Shark Embryos and the Search for Food
By Mike Howie
Because traditional ultrasound technology doesn’t function underwater, it’s difficult to study the inner workings of sharks without performing invasive surgery. But Japanese scientists were recently able to learn unexpected facts about shark pregnancy thanks to a new tool called underwater ultrasound.
Using the tool, divers regularly observed embryos inside the two uteruses of a captive tawny nurse shark. Over time, they noticed that the number of embryos in each of the shark’s two uteruses, which are connected in a U shape, would change. When the total number of embryos in one uterus decreased, the number in the other uterus increased by the same number.
Migrating in the Womb
The observation suggested that the embryos were moving between the two uteruses, which contradicted the idea that embryos mostly stayed in one place and couldn’t move much. In at least three other shark species, recent evidence has shown that embryos can only move their mouths.
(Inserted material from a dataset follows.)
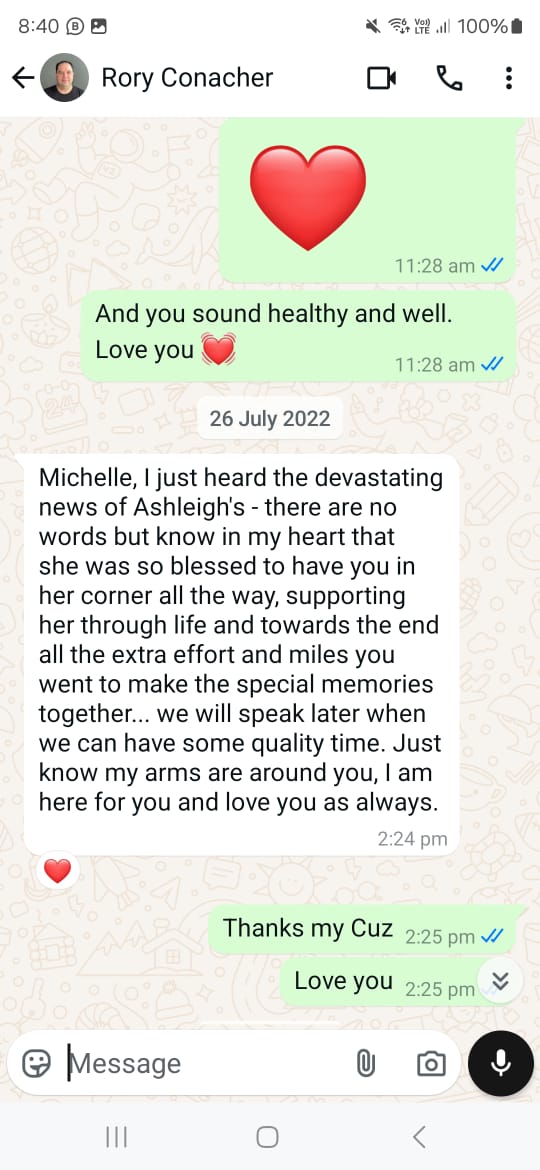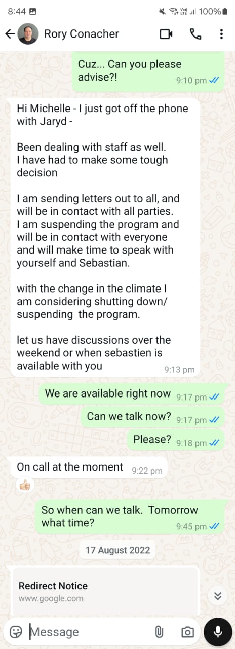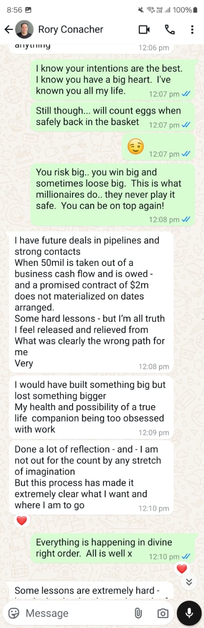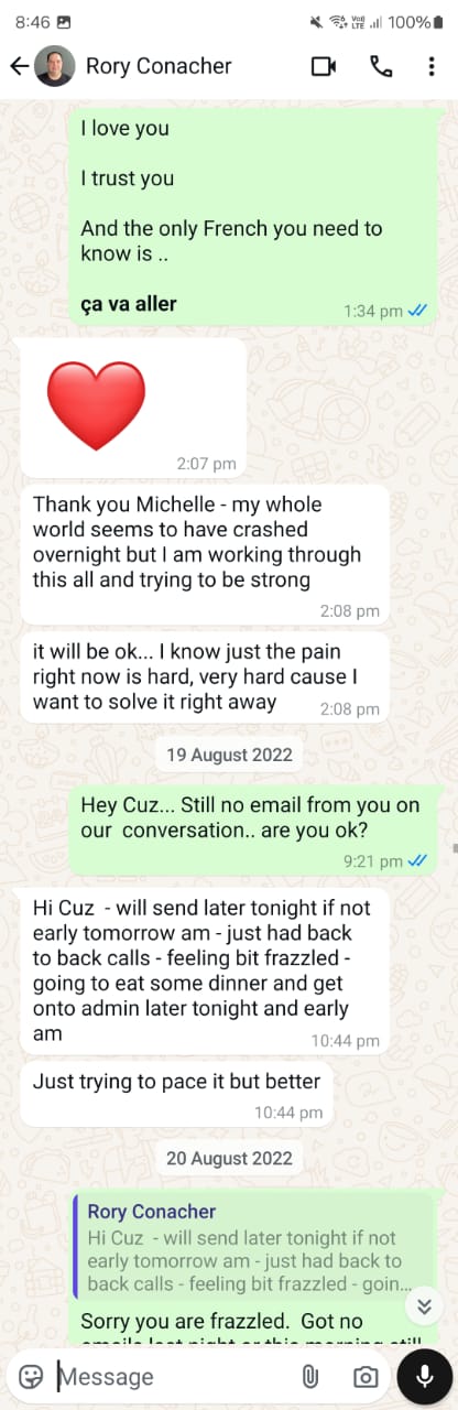 In 2022 and 2023, both my husband and I were independently speaking with Rory. Sebastien trusted that Rory would eventually pay us back, but I was becoming more doubtful. Whenever I felt worried, Rory would say all the right things to reassure me, and I would feel better again. [10]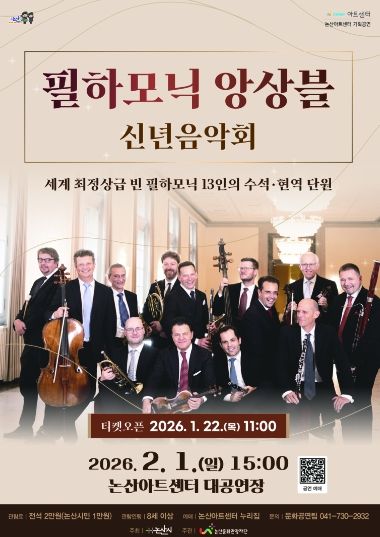 (재)논산문화관광재단 관계자는 “이번 음악회를 통해 시민의 문화예술 향유 기회가 확대되고, 지역 문화 수준이 한 단계 도약하는 계기가 될 것으로 기대한다”며 “세계적인 연주자들의 공연을 가까이에서 즐기며, 새해의 희망과 감동을 만끽하시길 바란다”고 말했다.

When the ultrasound showed an embryo actively moving from one uterus to the other, the scientists had the first conclusive evidence that tawny nurse shark embryos are more active than expected.
The scientists now suspect that all this movement helps the embryo find the food it needs to develop and survive. Tawny nurse sharks feed their unborn young through a process called oophagy, which literally means egg eating. Instead of receiving nutrients through a placenta and an umbilical cord, like mammals, these shark embryos eat their mother’s unfertilized eggs. But they have to move around to find these eggs, and sometimes that means they have to move between the two uteruses. According to the researchers’ data, published in the journal Ethnology, some embryos switched uteruses as few as three times and others switched as many as 24 times.
But that wasn’t all the researchers learned. Their underwater ultrasound also recorded that the mother’s cervix opened slightly during the pregnancy. When it did, the embryo exposed its head. This was also in contrast to mammalian pregnancies, during which the cervix is tightly closed until birth.
New Proof for an Old Question
This new data answers a question that scientists began asking in 1993, when Discovery Channel footage of invasive surgery on a sand tiger shark showed embryos moving from one uterus to the other. Because the footage was recorded under unnatural conditions, many wondered if the behavior would happen in the course of a normal pregnancy.
Tawny nurse sharks and sand tiger sharks have similar pregnancies — both feed their embryos through oophagy and give birth to live young instead of laying eggs. In addition to eating the mother’s unfertilized eggs, sand tiger shark embryos will even eat their developing siblings, ensuring that only the largest and strongest survive.
Thanks to the scientists in Japan, we now know a little bit more about the mysteries of shark pregnancy, and just how different it can be from mammalian reproduction.
Discussion Questions
- In what other ways are shark and mammalian reproduction different?
- What do you think are the benefits of having two uteruses?